The Q-function \(Q^{\pi}(s, a)\) adds additional information to the Value function. It represents the future value obtainable when a specific action \(a\) is taken in a given state \(s\). Looking at the second part of Figure 1, there are multiple trajectories as explained before, but we focus on the cases where a specific action \(a\) was taken at state \(s\). The expected value of the total rewards, strictly limited to these specific trajectories (the green lines in the figure), corresponds to \(Q^{\pi}(s, a)\).

\[ Q^{\pi}(s_t, a_t) = \mathbb{E}_{\pi} \Big[ \sum_{t'=t}^T r(s_{t'}, a_{t'}) \vert s_t, a_t \Big] \]

Since the Q-function is essentially a calculation limited to a specific subset of actions \(a\) used in the value function calculation, the following relationship holds:

\[ V^{\pi}(s) = \mathbb{E}_{a \sim \pi(\cdot \vert s)} [Q^{\pi}(s, a)] \]
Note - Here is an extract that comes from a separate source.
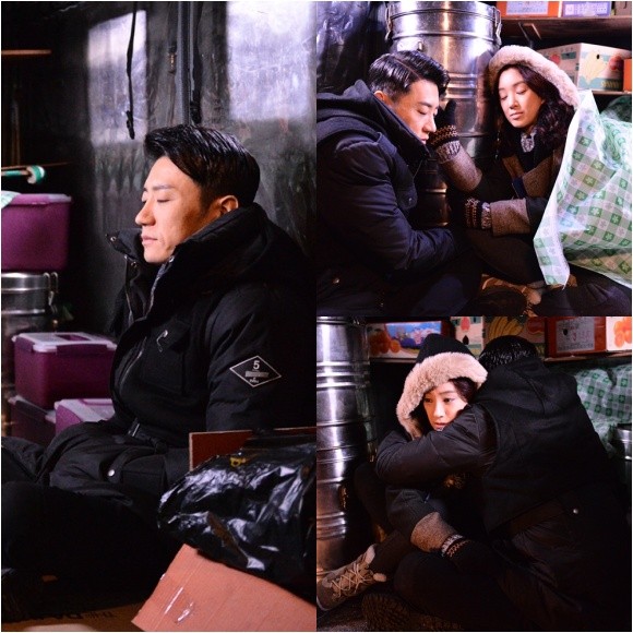 공개된 사진 속 김명민(앤서니김 분)은 처음에는 추위에 담담한 모습을 보이다가 서서히 정려원(이고은 분) 곁으로 다가가 정려원과 함께 따뜻한 국통을 끌어안고 추위를 달래는 모습이다. 또, 더 나아가서는 서로를 부둥켜안고 체온을 나누고 있어 웃음을 자아낸다.

By combining the value function and the Q-function, we can determine how much “better” taking a specific action \(a\) in state \(s\) is compared to the general value function under the current policy \(\pi\). This concept leads to the Advantage function \(A^{\pi}(s, a)\). Since the value function includes the expected rewards of taking other actions (not just \(a\)), we can calculate the relative advantage of a specific action as follows:

\[ A^{\pi}(s, a) = Q^{\pi}(s, a) - V^{\pi}(s) \]

To make this easier to understand, let’s apply the above notation to an example of learning to play an instrument.

Figure 2: example

First, let’s define the environment: it has a sparse reward structure where you get a reward of 1 if you can read sheet music and play music within a month, and 0 otherwise. The learner’s current policy follows a deterministic policy (\(\pi(a_1 \vert s) = 1\)) where the action is always fixed to \(a_1\) (lying on the beach). In this case, the value function \(V^{\pi}(s_t)\) is 0 because if you only continue to lie on the beach, you won’t be able to play the instrument a month later.
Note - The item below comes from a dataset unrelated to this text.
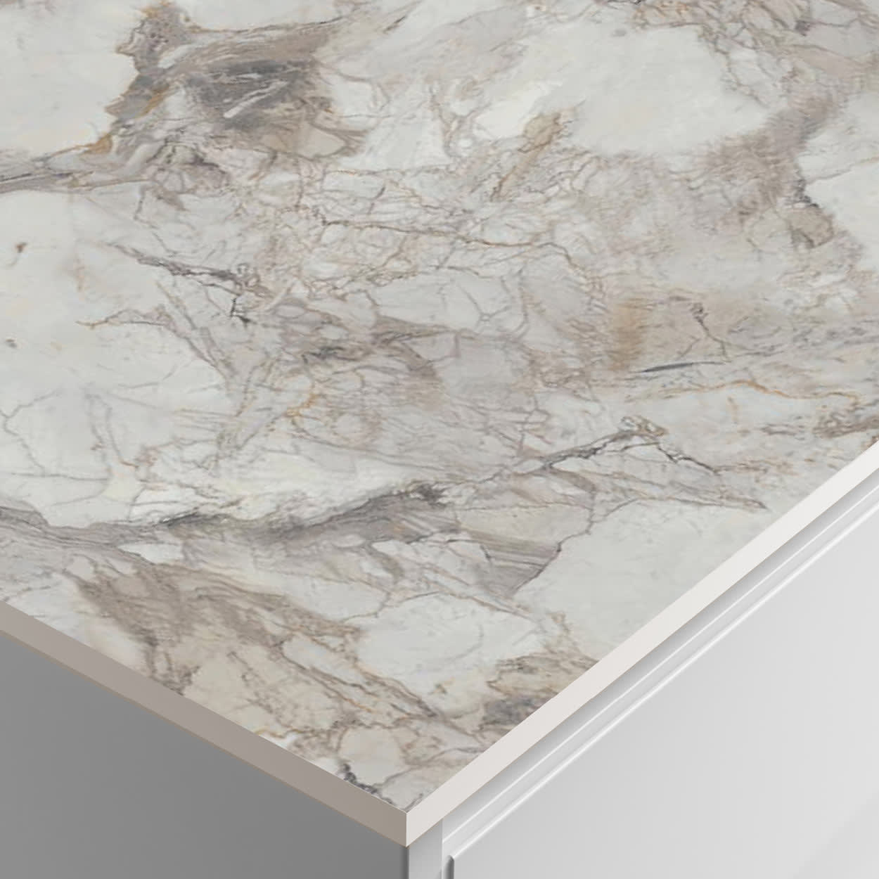 Zenith compact laminate worktops and breakfast bars combine beauty and durability with a slim, solid 12.5mm waterproof core. Designed to look, feel and perform like stone, Zenith surfaces can be easily fitted at home using standard installation tools. With no need for additional edging, Zenith is ideal for use with undermount sinks and can be engraved with drainer grooves for a sleek and streamlined finish. Inspired by the beauty of real stone, the elegant Smoked Marble design features contrasting tones of creamy beige and warm grey to add a touch of luxury to your kitchen.

Now, let’s look at the available actions using the Q-function. We can consider case \(a_2\) (watching TV—note that this is not watching music tutorials) and case \(a_3\) (actually practicing the instrument). A crucial point to note is that the specific action \(a_t\) is taken only at state \(s_t\). After the state transition occurs, the agent follows the original policy (taking \(a_1\)). Simply put, \(Q^{\pi}(a_2 \vert s_t)\) represents the scenario where you watch TV at \(s_t\), but then go back to relaxing on the beach afterwards. Naturally, this value will be 0. On the other hand, \(Q^{\pi}(a_3 \vert s_t)\) represents practicing the drums once, which implies a potential change in outcome a month later, resulting in a value different from \(Q^{\pi}(a_1 \vert s_t)\) or \(Q^{\pi}(a_2 \vert s_t)\).

If we calculate the advantage function, we can again analyze it by the action taken at \(s_t\). The advantage of \(a_2\) compared to the existing action \(a_1\) is \(Q^{\pi}(a_2 \vert s_t) - V^{\pi}(s_t)\), which results in 0. However, the advantage of the other action \(a_3\) can be calculated as \(Q^{\pi}(a_3 \vert s_t) - V^{\pi}(s_t)\), which will result in a non-zero value.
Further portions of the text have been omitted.